### Entries supplied
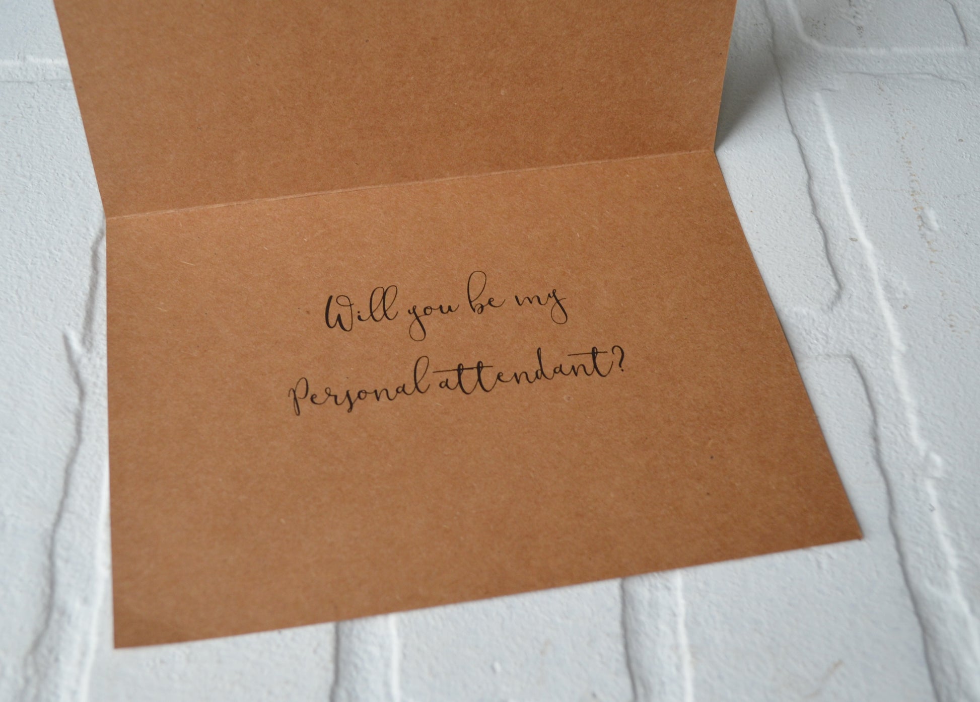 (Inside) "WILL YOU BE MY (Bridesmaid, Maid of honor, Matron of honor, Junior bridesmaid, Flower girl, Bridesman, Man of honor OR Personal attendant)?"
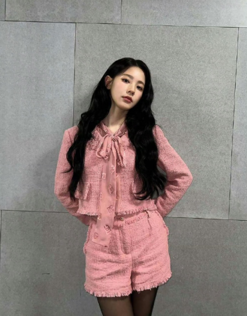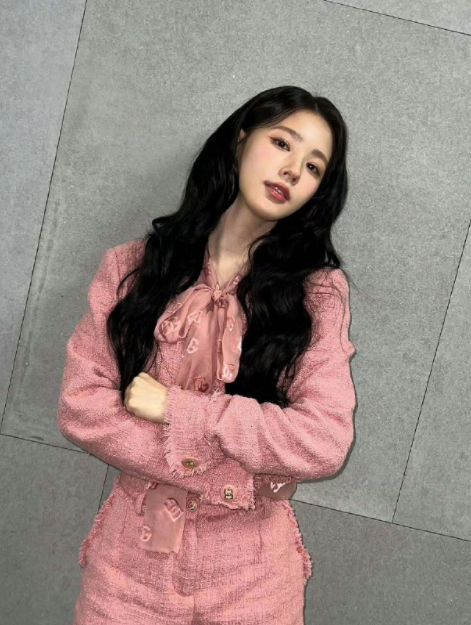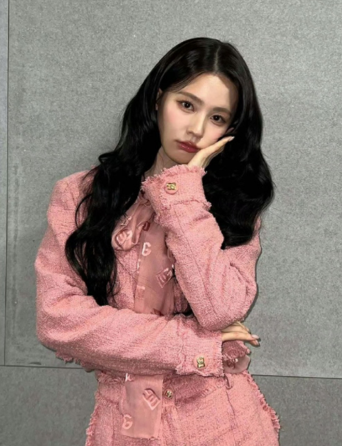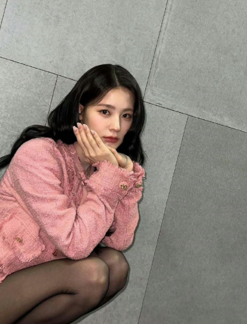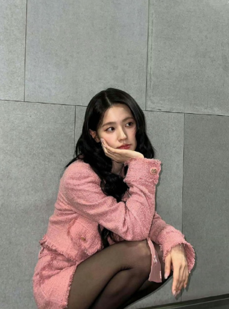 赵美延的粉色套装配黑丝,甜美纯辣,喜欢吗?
* * *
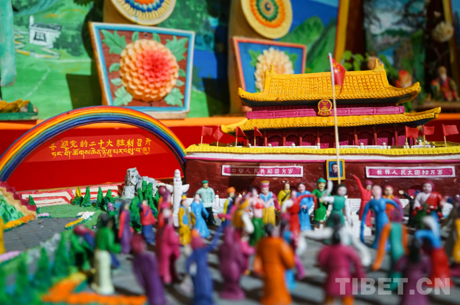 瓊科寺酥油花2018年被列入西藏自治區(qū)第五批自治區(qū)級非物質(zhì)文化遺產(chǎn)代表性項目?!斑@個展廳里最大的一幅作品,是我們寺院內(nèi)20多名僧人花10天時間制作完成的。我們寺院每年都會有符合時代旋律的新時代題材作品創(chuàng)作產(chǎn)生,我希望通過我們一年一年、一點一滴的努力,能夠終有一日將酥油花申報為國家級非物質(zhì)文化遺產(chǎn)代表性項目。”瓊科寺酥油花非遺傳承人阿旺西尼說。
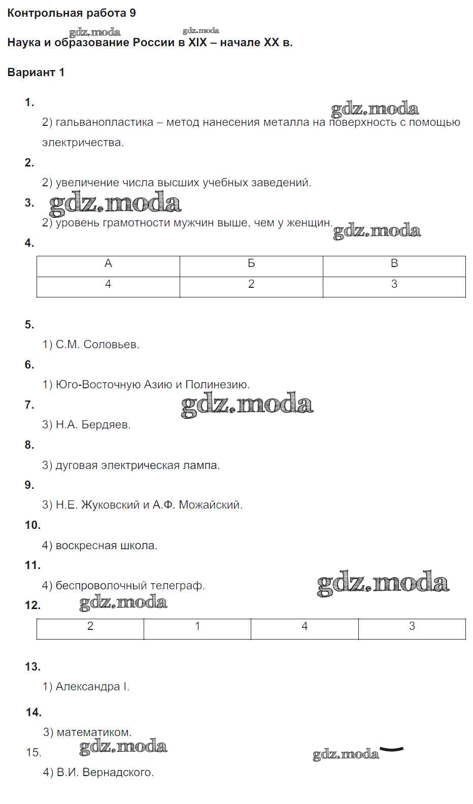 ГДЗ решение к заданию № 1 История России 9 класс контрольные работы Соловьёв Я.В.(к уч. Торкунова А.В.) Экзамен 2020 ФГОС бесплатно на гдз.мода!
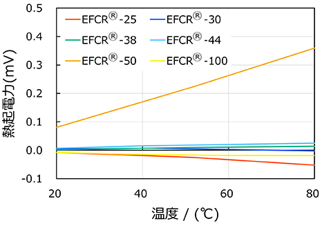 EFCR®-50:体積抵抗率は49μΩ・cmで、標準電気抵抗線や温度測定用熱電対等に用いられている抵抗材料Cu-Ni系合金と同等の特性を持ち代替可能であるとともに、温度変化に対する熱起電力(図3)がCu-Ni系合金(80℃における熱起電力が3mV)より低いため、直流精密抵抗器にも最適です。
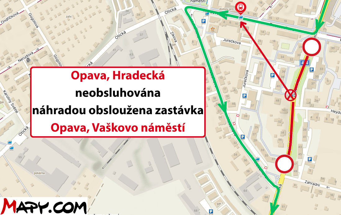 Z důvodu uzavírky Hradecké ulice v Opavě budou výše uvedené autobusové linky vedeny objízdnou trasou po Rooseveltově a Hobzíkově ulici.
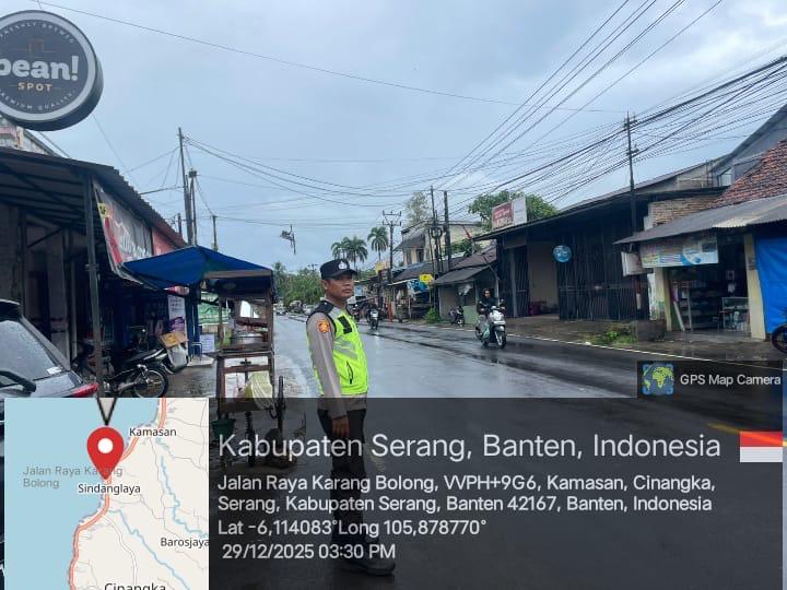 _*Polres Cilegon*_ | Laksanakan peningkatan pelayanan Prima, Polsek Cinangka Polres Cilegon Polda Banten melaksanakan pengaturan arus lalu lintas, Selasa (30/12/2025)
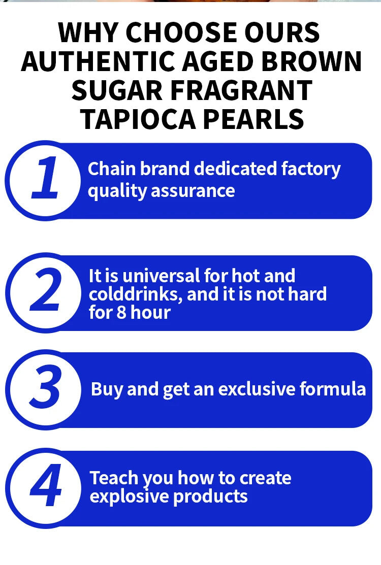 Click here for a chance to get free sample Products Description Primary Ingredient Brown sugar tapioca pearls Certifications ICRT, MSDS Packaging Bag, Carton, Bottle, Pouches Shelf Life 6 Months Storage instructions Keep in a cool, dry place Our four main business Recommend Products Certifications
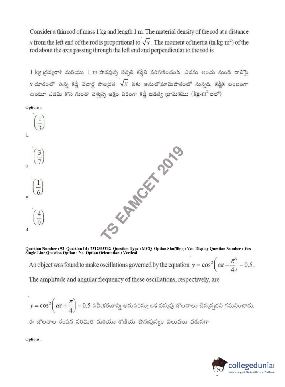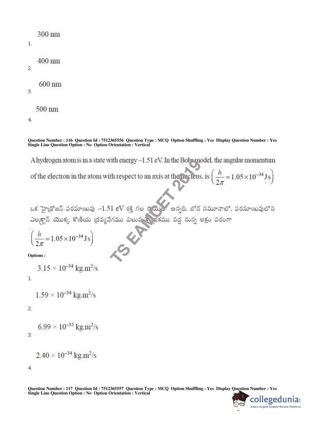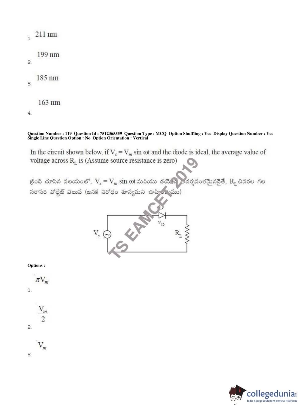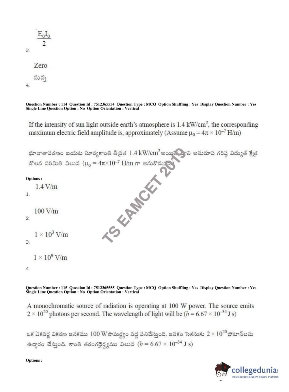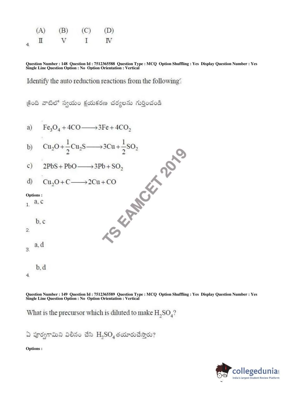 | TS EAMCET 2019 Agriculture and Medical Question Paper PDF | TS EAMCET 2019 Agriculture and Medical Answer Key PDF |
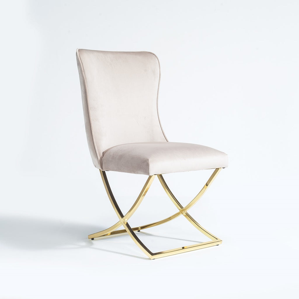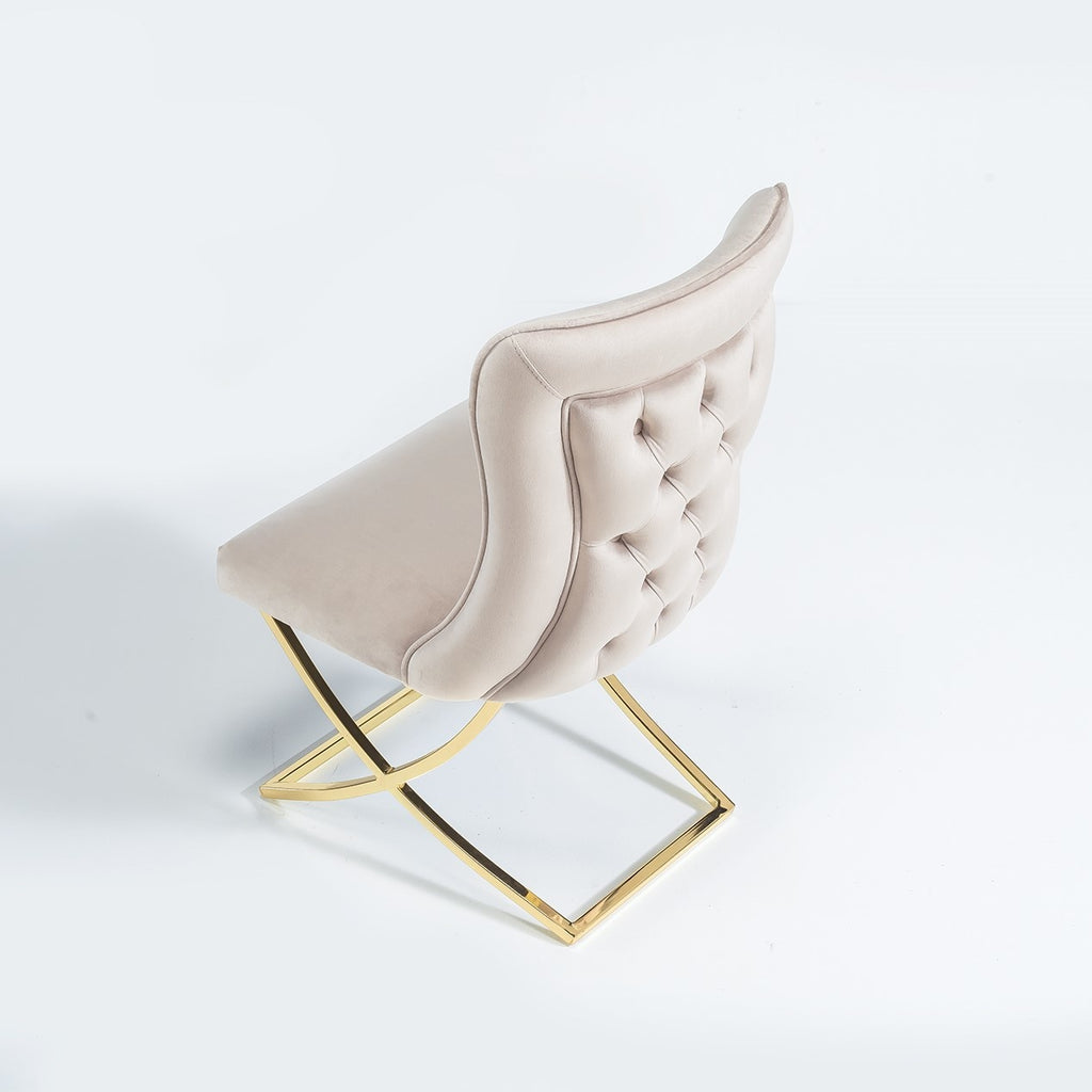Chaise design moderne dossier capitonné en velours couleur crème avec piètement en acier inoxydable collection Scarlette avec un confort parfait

### Your goal
Copy exactly, without pictures, the lines above from the one with "MY (Bridesmaid, Maid" down to the one with "赵美延的粉色套装配黑丝,甜美纯辣,喜欢吗?", inclusive.

### Answer section
 (Inside) "WILL YOU BE MY (Bridesmaid, Maid of honor, Matron of honor, Junior bridesmaid, Flower girl, Bridesman, Man of honor OR Personal attendant)?"
 赵美延的粉色套装配黑丝,甜美纯辣,喜欢吗?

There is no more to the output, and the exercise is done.